Пугливостью зверушек.
Монаршей неколебимостью смерти.
Произносимостью языков.
Робкой каплей влаги, вздувающейся на шершавом брюхе железной машины.
Суровым холодом шелка.
Хитроумием зелени.
Носоватостью носа.
Захлебнувшаяся, с рождения.
Так много света. Так мало места в Кийоко для Кийоко.
Иногда, временами – эт чувство, словно уверенность в грозе на рассвете. Если бы распахнуть глаза еще на чуточку шире. Достичь еще одного мастерства муга больше. Достичь до наивысшей вершины тишины.
И остался бы один только мир.
Женщины пишут мир по слуху. Столетия назад, в далекой древности Японии и Эзохи, обитатели Страны Богов в поисках способа передачи мысли в оцутствие говорящего поначалуу обратились, как обычно и обращаются, к уже проверенной мудрости Китая.
Только знаки мысли ханей не были знаками мыслей японцев. Только лишь звуки звучали похоже.
Потому язык Ниппона начали записывать знаками hanzi – логограммами, переполненными значениями ханей – но исключительно с целью воспользоваться их звучанием. Так родилась man'yōgana.
Только таких, необменных, звуков языка все еще несколько десятков; hanzi же – тысячи. Пишущий встает перед необходимостью делать выбор: какой из множества возможных, одинаково звучащих образов идеи применить для записи именно этого высказывания?
Даже простейшие стихотворения из "Коллекции Десяти Тысяч Листьев" могли бы быть увековечены посредством man'yōgana миллионами способов.
Что в их сути склоняет писателя как раз к этой записи?
А если записаьь посредством man'yōgana мир.
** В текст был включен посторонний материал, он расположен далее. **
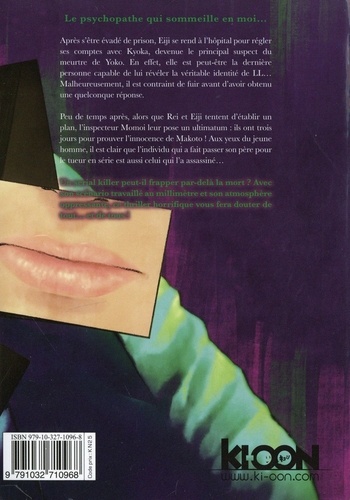 Le psychopathe qui sommeille en moi... Après les révélations de Kyoka, Eiji ne parvient plus à garder son sang-froid et, quand la police fait irruption dans l'appartement de la jeune fille, il est arrêté pour tentative de meurtre et placé en détention avant son jugement. Là, son amie Rei découvre qu'en réalité, ce n'est pas B-1 qui est l'alter ego d'Eiji... mais l'inverse ! Enfant, la vie du garçon bascule lorsque son père, Makoto Hachinoi, est injustement accusé et que sa mère se suicide après avoir tenté de l'étrangler. Abandonné de tous, il développe alors un trouble dissociatif de l'identité : l'insouciant Eiji est né ! Il jure néanmoins de tout mettre en oeuvre pour retrouver le véritable coupable et ainsi accomplir sa vengeance...

Имеется ли естественная связь между миром и тем, а не иным среди тысяч знаков мысли?
Точно так же на стороне пишущего, как и по стороне читающего. Читаешь звучание, слышишь в мыслях звуки – но одновременно твой разум посещают остаточные видения значений письмености Хань, призраки чужих шифров духа.
То же самое стихотворение, те самые звуки – и совершенно иное в голове.
А ведь имеются такие переживания разума, которые становятся бытием только лишь и исключительно в записи. Мы видим мир исключительно в символах мира. В математике невидимого. Интимнейшая литература материи.
Поначалу Какубуцу присылало Кийоко в Иокогаме как раз книги древнейшей поэзии. Это склоняло ее к изучению одной и той же танка в дюжинах различных логографических версий. К дистилляции из в сокки Кийоко, а затем к разведению сокки назад в кандзи и кана.
Со временем выбор уменьшался. Точно так же, как в истории письменности Ниппон выбор пишущих уменьшался и уменьшался, и уменьшался, к единственной очевидности: так с hanzi стесывали значения ханей. Пока они не сделались знаками звуков японского языка: хираганой.
И так вот разошлись в свои царства: письменность и литература, и мысли мужчин – и письменность, и литература, и мысли женщин.
Дело в том, что хираганой долгое время пользовались исключительно женщины. Искусство сокки со времен эпохи Хейан было искусством девичьих рук.
Кийоко не ощущает себя последовательницей традиций придворных поэтесс и прядильщиц фиктивных жизней. Хирагана не открывает перед ней пустых небес. Готовая, лишенная возможности выбора хирагана – она отбирает свободу.